- Born: 1923 Beaufort, North Carolina, United States
- Died: 2007 (aged 83–84)
- Education: Johnson C. Smith University; Howard University; Johnson C. Smith Theological Seminary
- Occupations: dentist, civil rights activist

= Reginald Hawkins =

American civil rights activist (1923–2007)

Reginald Armistice Hawkins (1923–2007) was an American civil rights activist and dentist. He was the first African-American to run for Governor of North Carolina. He fought to desegregate Charlotte schools and businesses.

== Early life ==
Reginald Hawkins was born in Beaufort, North Carolina, in 1923. He served as captain in the US Army during World War II. After completing his time in the service, he graduated from Johnson C. Smith University in 1943, where he also became a member of Kappa Alpha Psi fraternity. He earned a degree in dentistry from Howard University in 1948. Returning to Charlotte, Hawkins went on to earn a Bachelor (1956) and then Master of Divinity (1973) from the Presbyterian affiliated Johnson C. Smith Theological Seminary. He married Catherine Richardson, also a JCSU alumnus, while he was still in dental school and they had four children.

==Civil rights advocacy==
Hawkins and members of the NAACP differed over the best way to end school desegregation. Kelly Alexander wanted to sue the city of Charlotte over civil injustice. Hawkins believed that a confrontational approach was best through utilizing media coverage to help mobilize citizens, arguing "The only way to move forward is to engage bigots in direct controversy within their own community. In order to make his point about the only way to move forward, Hawkins escorted Dorothy Counts, a young black girl to Harding High School, a white school in Charlotte. On September 4, 1957 Hawkins and Counts walked through a shower of spit and insults to integrate the first Mecklenburg County School. His actions that day created a lot of stir in both the white and African-American neighborhoods, creating a national name for Hawkins. From then on Hawkins became a prominent civil rights activist in Charlotte. In 1961 Hawkins led a boycott of Irwin Avenue Junior High School. He urged African-American students to stay home instead of attending a second-rate educational institution.
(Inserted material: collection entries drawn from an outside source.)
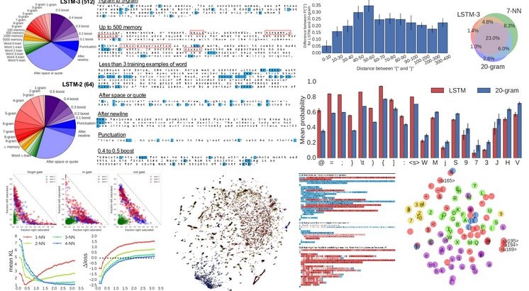 Recurrent Neural Networks (RNNs), and specifically a variant with Long Short-Term Memory (LSTM), are enjoying renewed interest as a result of successful applications in a wide range of machine learning problems that involve sequential data. However, while LSTMs provide exceptional results in practice, the source of their performance and their limitations remain rather poorly understood. Using character-level language models as an interpretable testbed, we aim to bridge this gap by providing a comprehensive analysis of their representations, predictions and error types. In particular, our experiments reveal the existence of interpretable cells that keep track of long-range dependencies such as line lengths, quotes and brackets. Moreover, an extensive analysis with finite horizon n-gram models suggest that these dependencies are actively discovered and utilized by the networks. Finally, we provide detailed error analysis that suggests areas for further study.
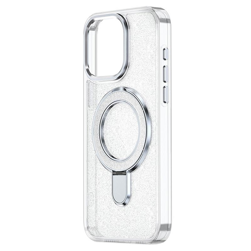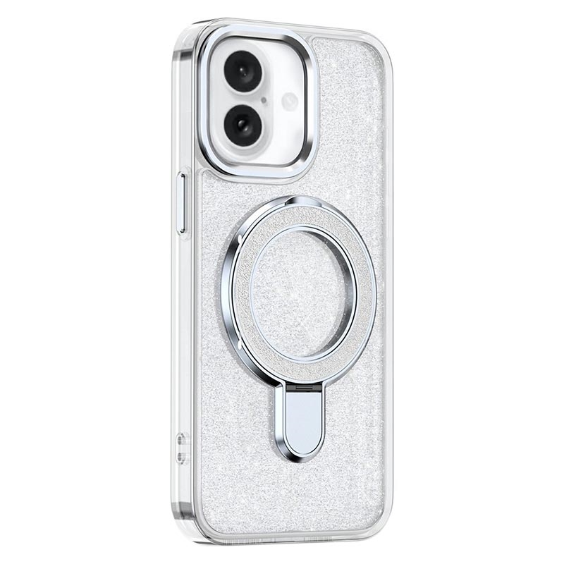 Funda híbrida iPhone 17 Glitter con soporte - Compatible con MagSafe - Transparente
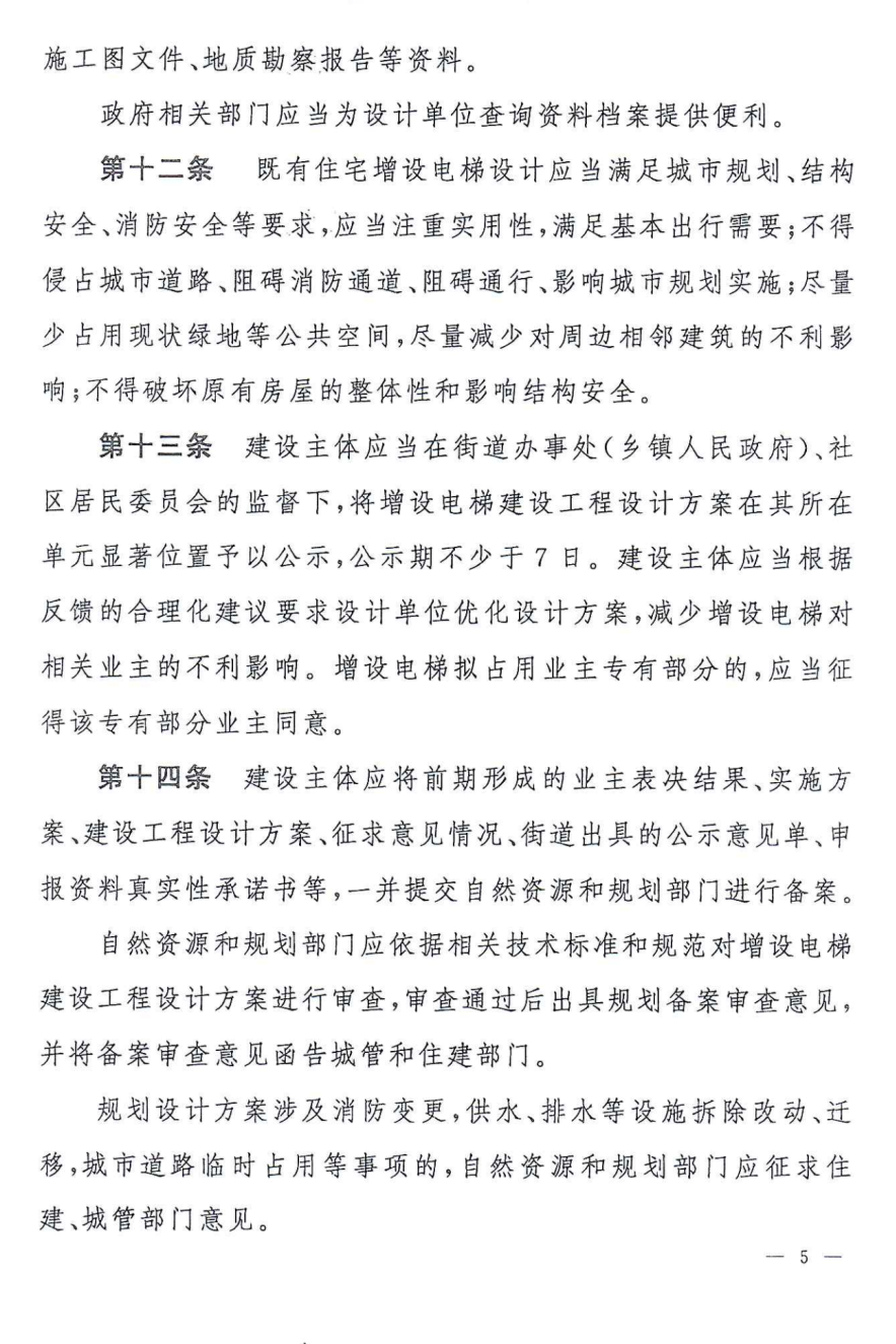 市、區(qū)自然資源和規(guī)劃部門負責(zé)既有住宅增設(shè)電梯的規(guī)劃審查工作。
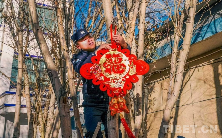 “來來來,搭把手!把這個(gè)中國結(jié)掛高點(diǎn),看著喜慶!” 教導(dǎo)員楊曦淙踩著凳子將手中的中國結(jié)高高地掛在了樹上,新警吳措多杰在下面扶著梯子,仔細(xì)調(diào)整著高度。另一邊,民警們?nèi)宄扇海械哪弥鴿{糊貼對(duì)聯(lián),有的忙著掛彩燈,營區(qū)的每一個(gè)角落都被點(diǎn)綴得喜氣洋洋。
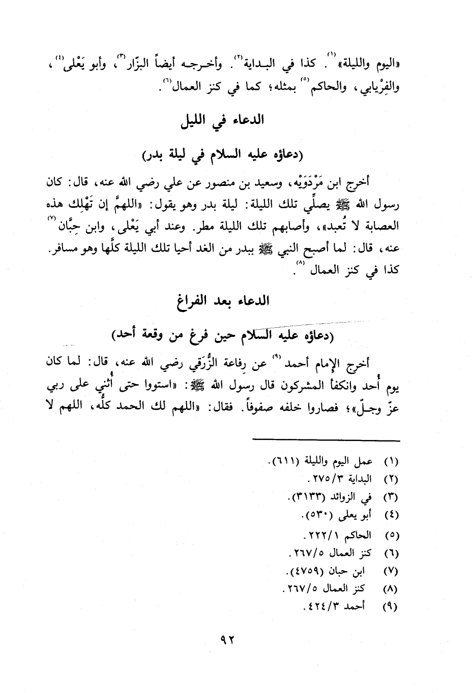 الدعاء في الليل دعاؤه عليه السلام في ليلة بدر

Due to his disagreement with NAACP policies and in an attempt to distance himself from their "communist" label, Hawkins resigned his membership in 1958 and created the Mecklenburg Organization for Political Affairs (MOPA). MOPA used community activists within the African-American community to call for desegregation. Members took part in marches, picketing, protests, boycotts, and sit-in's, usually near schools or hospitals in the Charlotte area. Hawkins work helped successfully integrate many restaurants downtown including those in Belk's and Ivey's department stores.

In 1962 Hawkins filed suit against the North Carolina Dental Society for discrimination due to the fact they would not let him practice at Charlotte Memorial Hospital. He frequently led demonstrations outside the Mercy, Charlotte Memorial, Presbyterian and Good Samaritan hospitals in the Charlotte area. These demonstrations usually attracted a lot of press and generated controversy in the medical community. Hawkins continued to protest by writing Attorney General Robert Kennedy claiming that the hospitals were breaking their nondiscrimination policy that was one of the conditions of them receiving federal funding. By the end of 1962 the Department of Health ordered Memorial to desegregate their maternity and dentistry wards. Hawkins continued to protest until 1963 when the hospital declared an open-door policy for all patients.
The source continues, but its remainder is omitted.